Users can also download exome-wide predictions of pathogenicity scores (PrimateAI_scores_v0.2.tsv.gz) from BaseSpace:
https://basespace.illumina.com/s/yYGFdGih1rXL.
These annotations are free for academic and not-for-profit use; other use requires a commercial license from Illumina, Inc.
RUN INSTRUCTIONS
The Python scripts provided include the deep residual neural network for variant pathogencity estimation, as well as two deep residual neural models for predicting secondary structure and solvent accessibility of amino acids.
Note that these models are developed under Python 2.7.13, Tensorflow 1.2.0 and Keras package 2.0.5. Please install these versions to execute the scripts.
To run this script on the demo dataset, users need to set up a deep learning environment on a GPU-server. Pre-install Python packages numpy, scipy, tensorflow, keras, pandas, glob, and multiprocessing. Then download the demo dataset and unzip it. Download the source folder, which contains four Python scripts.
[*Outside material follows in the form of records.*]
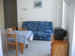 Décoration de charme avec son mobilier en pin, le meublé se caractérise par une alcôve avec 2 lits 90 cm superposés, 1 canapé-lit clic-clac en 130 cm dans le séjour. L’appartement comporte en plus une chambre double.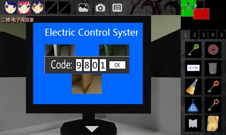 AD59.回到2F•电子阅览室,把左侧的电网控制系统(1F•更衣室走廊),输入9801(=99x99)解除。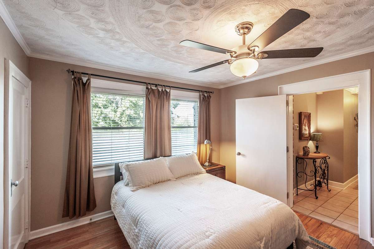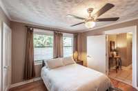 4th bedroom overlooking the pool with tiled floors, built in closets with tiled half bath!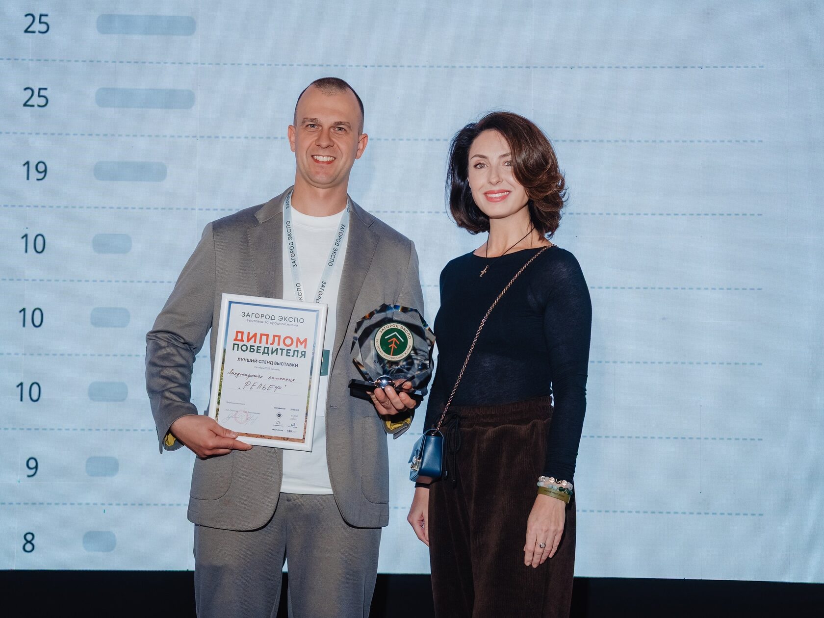 По итогам голосования посетителей и оргкомитета лучшим стендом «Загород Экспо» признан стенд ландшафтной компании «Рельеф» — за выразительный дизайн, профессиональную подачу и внимание к деталям.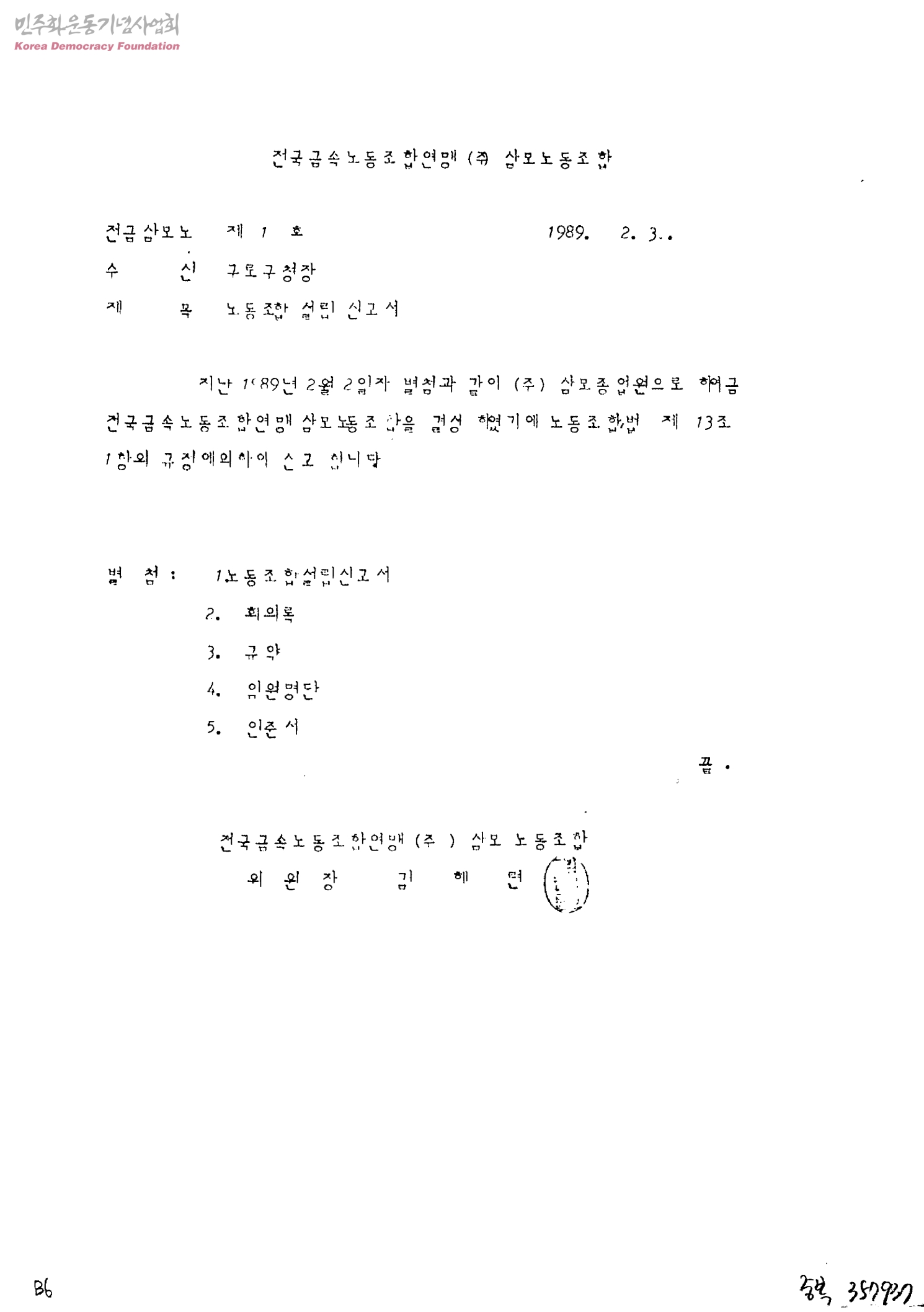 노동조합설립신고서[수신:구로구청장, 발신:삼모노동조합 위원장 김혜련]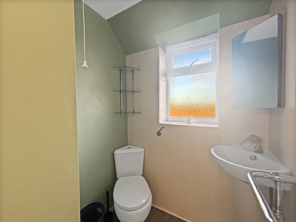 Obscure window to rear, radiator, panel bath, low level WC, wash hand basin, tiled splashbacks.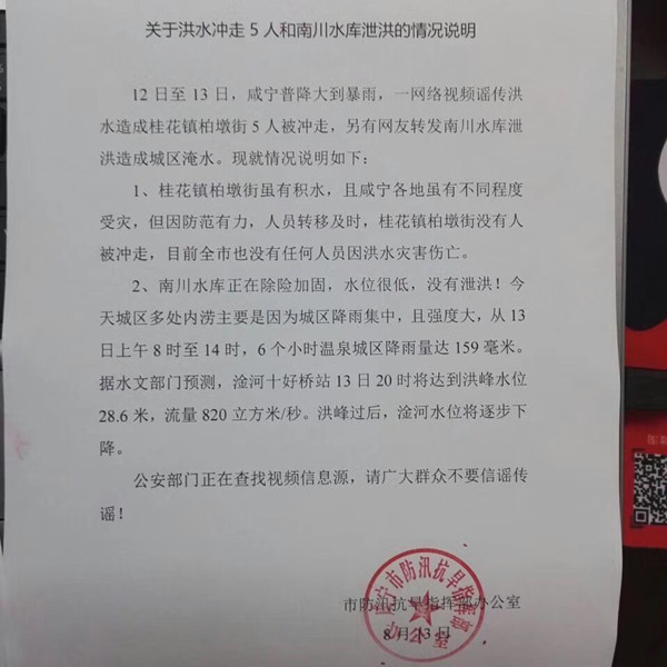 湖北日報網(wǎng)訊(通訊員敖瓊)12日至13日,咸寧普降大到暴雨,一網(wǎng)絡(luò)視頻謠傳洪水造成桂花鎮(zhèn)柏墩街5人被沖走,另有網(wǎng)友轉(zhuǎn)發(fā)南川水庫泄洪造成城區(qū)淹水。咸寧市防汛抗旱指揮部辦公室發(fā)布說明:這些均為不實信息!情況說明如下:

The command to run this PrimateAI script is :
python /path/to/source/PrimateAI_v0.2.py \
/path/to/demodata/full_set_snp_info.csv \
/path/to/demodata/conservation_profile.npy
/path/to/demodata/benign_train_snps.txt
/path/to/demodata/benign_validation_snps.txt
/path/to/demodata/unknown_validation_snps.txt
/path/to/demodata/benign_test_snps.txt
/path/to/demodata/unknown_test_snps.txt
/path/to/demodata/secondary_structure_seqtoseq.hdf5
/path/to/demodata/solvent_accessibility_seqtoseq.hdf5
/path/to/output/folder/
The script trains eight separate neural net models and ensemble them. Thus it paralleles the jobs on 8 GPUs. Users can modify the script to suit their needs.
OUTPUT FILES
PrimateAI v0.2 will generate two files benign_test.csv and unknown_test.csv to output the prediction results for benign_test_snps.txt and unknown_test_snps.txt. The last column is the ensembled predicted pathogenicity for each variants.
It will also make a directory "current_weights" to store the trained model weights from eight different neural net models.
EVALUATION OUTPUTS
The script evaluation.py will evaluate the output files benign_test.csv and unknown_test.csv and output the accuracy generated from the test dataset.
python /path/to/source/evaluation.py \
/path/to/output/folder/
RELEASE NOTE
Current version of PrimateAI for downloading is v0.2.